Similarly, in the case sub judice, the plaintiffs did not present any testimony that defendants' actions violated the standard of care in their legal community. Cook and Warren's testimony that all other attorneys in their community use The Franklin Times is not the same as what is required by Hodges and Rorrer — that the standard of care in their community requires them to use The Franklin Times.
Plaintiffs also argue that defendants' failure to find and follow N.C. Gen. Stat. 1-597 which sets forth the criteria for publishing legal notices in newspapers is negligence as a matter of law. We disagree.
No lawyer is bound to know all the law. It is not an exact science.

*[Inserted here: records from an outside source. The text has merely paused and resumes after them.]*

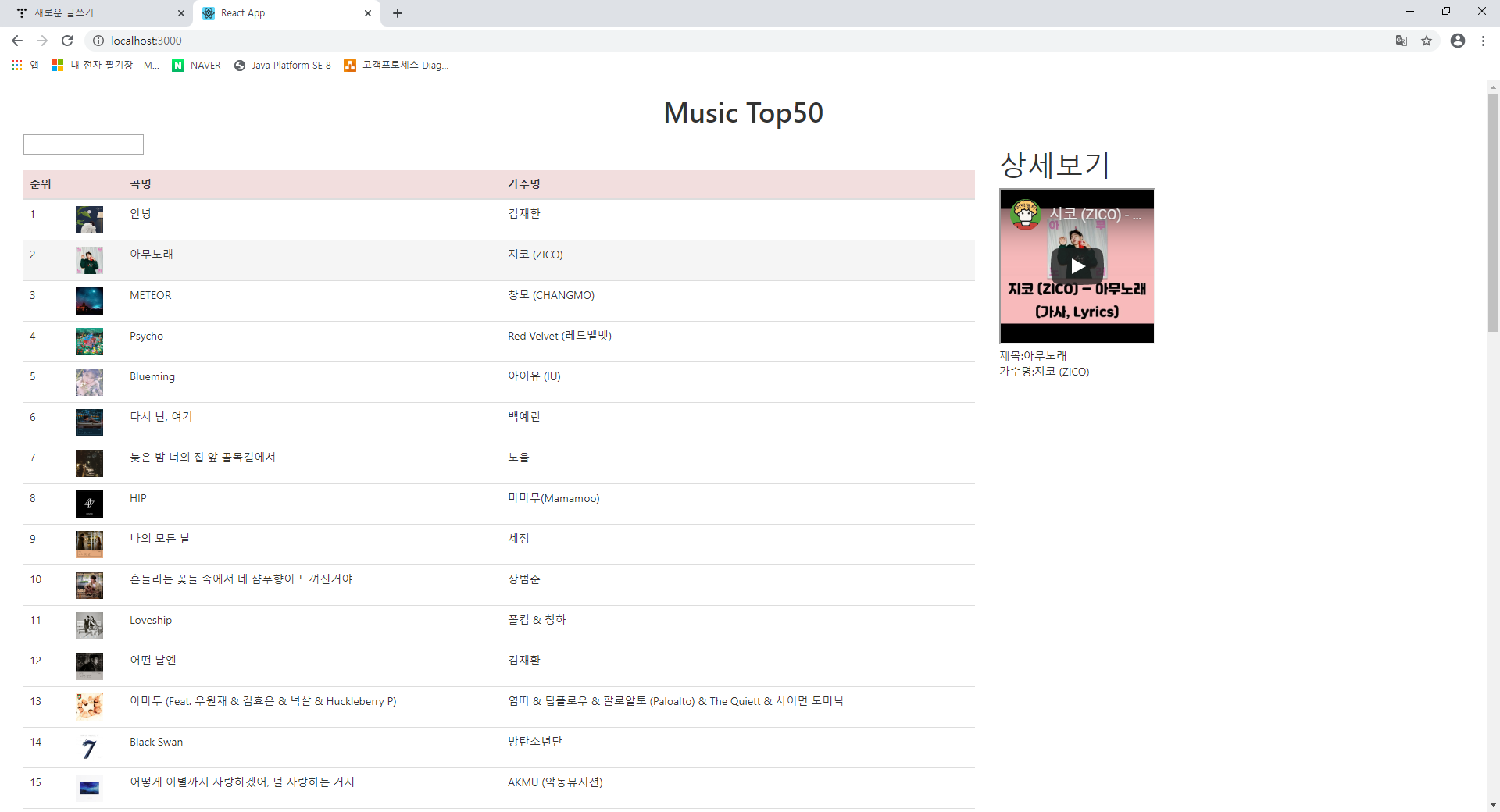 누르는 노래에 맞는 동영상이 옆에 띄어진다.
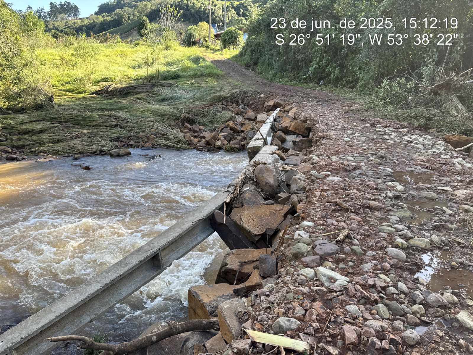 Informamos que, em decorrência deste fenômeno, 18 propriedades atingidas, sendo 14 residências e 12 unidades de produção agropecuária, incluindo aviários e galpões e inúmeras árvores e postes foram danificados/quebrados. Além disso, estima-se que todas as pontes que interligam as comunidades do interior foram afetadas pela força da água, tendo sua estrutura e pontilhões danificados.
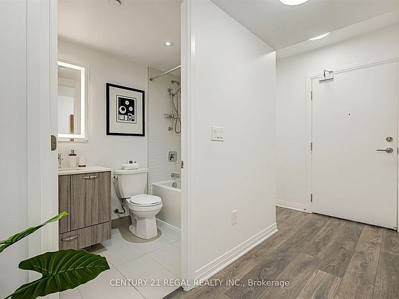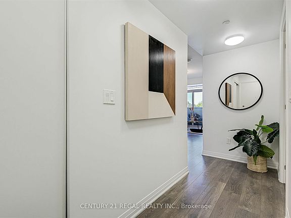 Come and enjoy exclusive boutique living at Canvas Condos! Only 8 storeys up and built in 2020, this stylish low rise building offers exceptional urban conveniences while providing cozy, modern day comforts to its residents. The unit is a thoughtfully designed 2 bedrm, 2 bath with parking and locker included. Right when you step inside, there is a feeling of home with a foyer, double entry closet and ensuite laundry upon entry. The open living, dining area is bright with an inviting flow into the contemporary kitchen. Kitchen has quartz countertops, undermount sink, energy efficient, stainless steel appliances and integrated dishwasher. The unit has the convenience of 2 bathrooms, one 4-piece and one primary ensuite 3-piece bathroom, both featuring bathroom mirrors with wall mounted light and full height ceramic wall tile in the tub and separate shower stall. The primary bedroom is spacious and filled with light due to floor to ceiling windows and boasts a walk in closet. The second bedroom off the kitchen with its double closet can comfortably fit a bed with side table or can be used as a roomy home office. Start your day with a morning coffee or unwind at the end of the day outside on the large balcony overlooking the Danforth from the privacy of your home. The location is hard to beat! You're steps away from the subway and surrounded by bike lanes. Out your front door are cafes, restaurants, Sobeys, gas station and trendy shops. Take a walk along nearby residential streets filled with parks, schools, and plenty of green space. This stylish building (complete with concierge, gym, bike room, party room and stunning rooftop deck) and its Danforth Ave location provide city living without sacrificing the charms of living in one of Toronto's most vibrant neighborhoods.
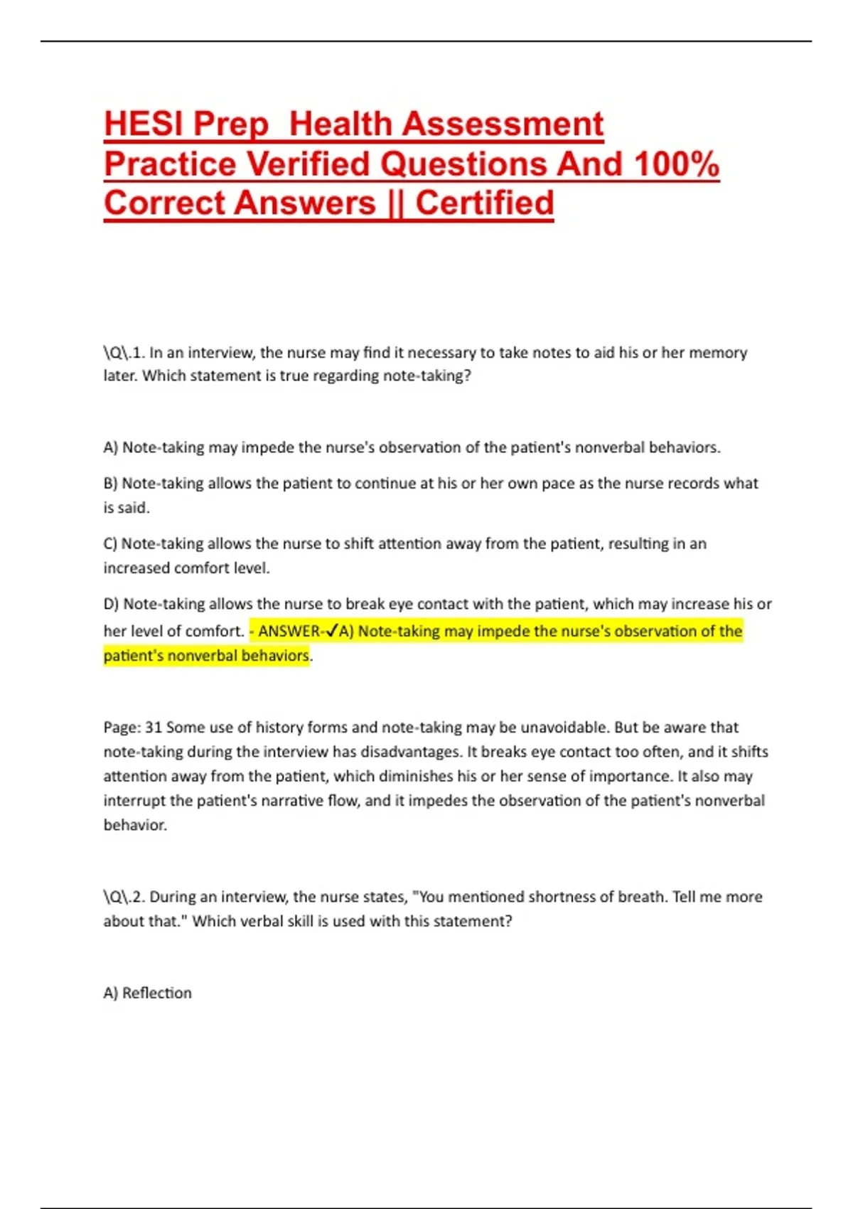 HESI Prep Health Assessment Practice Verified Questions And 100% Correct Answers || Certified
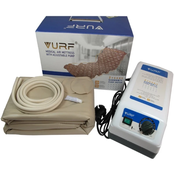 دستور العمل استفاده از دستگاه تشک مواج وورف VURF : شلنگ اتصال هوا را به پمپ تشک مواج هوا متصل کنید تشک هوا را بر روی تخت قرار دهید و مطمئن شوید که شلنگ هوا پیچ خورده و گره زده نباشد دستگاه را به برق متصل کرده و کلید روشن دستگاه را بزنید فشار باد خروجی دستگاه را با ولوم تنظیم کننده، تنظیم کنید
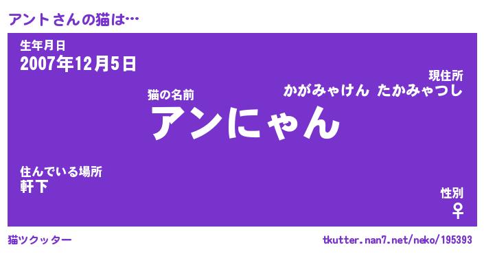 | 可愛いあだ名 | 『アんアん』『アンちー』 |
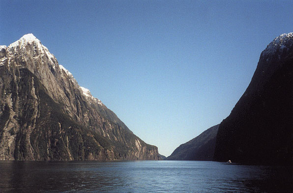 那中间的亮光,难道是第二个太阳升起?摄于Milford Sound。
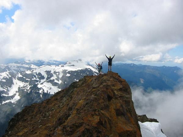 We topped out at 3:00pm and spent a lazy hour admiring the steadily improving views as the clouds dissipated. American Border Peak and Mt. Slesse flirted with us the whole time, never wanting to give more than a partial look. We could not find a register on the summit, which looked like my vision of Mars due to the striking red color in the rocks and dirt.
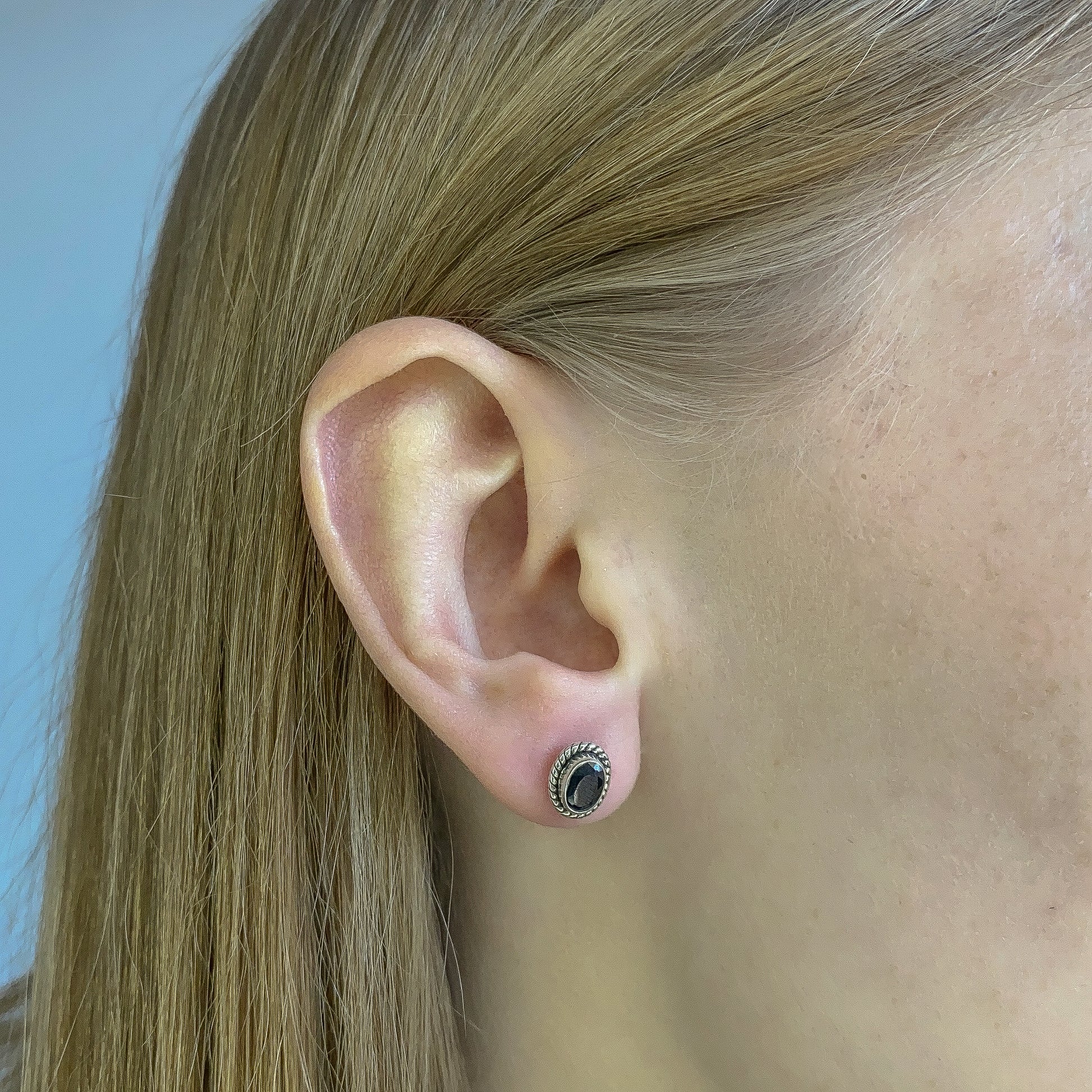 Sidabriniai ovalios formos auskarai su onikso akmeniu

There is no attainable degree of skill or excellence at which all differences of opinion or doubts upon questions of law can be removed from the minds of lawyers and judges. If the law on the subject is well and clearly defined and has existed and been published long enough to justify the belief that it was known to the profession, a lawyer who disregards the rule or is ignorant of it renders him liable for losses caused by such negligence or want of skill.
George v. Caton, 93 N.M. 370, 377, 600 P.2d 822, 829 (1979). Accord Hodges, 239 N.C. at 520, 80 S.E.2d at 146; Berman v. Rubin, 138 Ga. App. 849, 227 S.E.2d 802 (1976). See also National Sav. Bank of District of Columbia v. Ward, 100 U.S. 195, 199, 25 L.Ed. 621, 623 (1879) ("[A]ttorneys do not profess to know all the law or to be incapable of error or mistake in applying it to the facts of every case, as even the most skillful of the profession would hardly be able to come up to that standard.") Plaintiffs failed to provide any evidence that a competent attorney would have found or be aware of N.C. Gen. Stat. 1-597. The jury needs some evidence of what a competent attorney would have done under similar circumstances in order to determine whether the defendant's actions met that standard. Progressive Sales, 86 N.C. App. at 56, 356 S.E.2d at 376.
Since plaintiffs did not provide evidence by which defendants' actions are to be measured, the granting of a directed verdict by Judge Jenkins against plaintiffs was proper. Accordingly, the action of the trial court is
Chief Judge ARNOLD and Judge JOHN concur.